*Dataset extract*.
#####
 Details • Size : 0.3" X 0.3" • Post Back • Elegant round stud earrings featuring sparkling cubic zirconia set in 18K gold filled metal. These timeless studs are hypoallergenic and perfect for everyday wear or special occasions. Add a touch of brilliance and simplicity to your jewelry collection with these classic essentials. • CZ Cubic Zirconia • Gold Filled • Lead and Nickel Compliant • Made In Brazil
#####
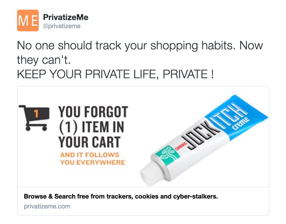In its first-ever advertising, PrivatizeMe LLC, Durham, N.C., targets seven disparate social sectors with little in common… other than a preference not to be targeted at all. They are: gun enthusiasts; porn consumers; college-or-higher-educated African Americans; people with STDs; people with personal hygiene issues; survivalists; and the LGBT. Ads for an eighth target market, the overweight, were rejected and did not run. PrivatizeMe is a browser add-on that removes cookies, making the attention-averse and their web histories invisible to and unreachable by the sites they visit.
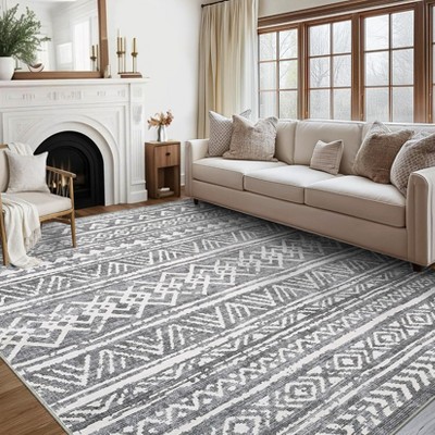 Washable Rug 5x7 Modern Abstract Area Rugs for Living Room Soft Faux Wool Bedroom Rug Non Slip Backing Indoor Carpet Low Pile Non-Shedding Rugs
#####
*Your objective*. With the pictures left out, write out exactly the lines above from the one containing "In its first-ever" through the one containing "Washable Rug 5x7".

*Result of this task*.
In its first-ever advertising, PrivatizeMe LLC, Durham, N.C., targets seven disparate social sectors with little in common… other than a preference not to be targeted at all. They are: gun enthusiasts; porn consumers; college-or-higher-educated African Americans; people with STDs; people with personal hygiene issues; survivalists; and the LGBT. Ads for an eighth target market, the overweight, were rejected and did not run. PrivatizeMe is a browser add-on that removes cookies, making the attention-averse and their web histories invisible to and unreachable by the sites they visit.
 Washable Rug 5x7 Modern Abstract Area Rugs for Living Room Soft Faux Wool Bedroom Rug Non Slip Backing Indoor Carpet Low Pile Non-Shedding Rugs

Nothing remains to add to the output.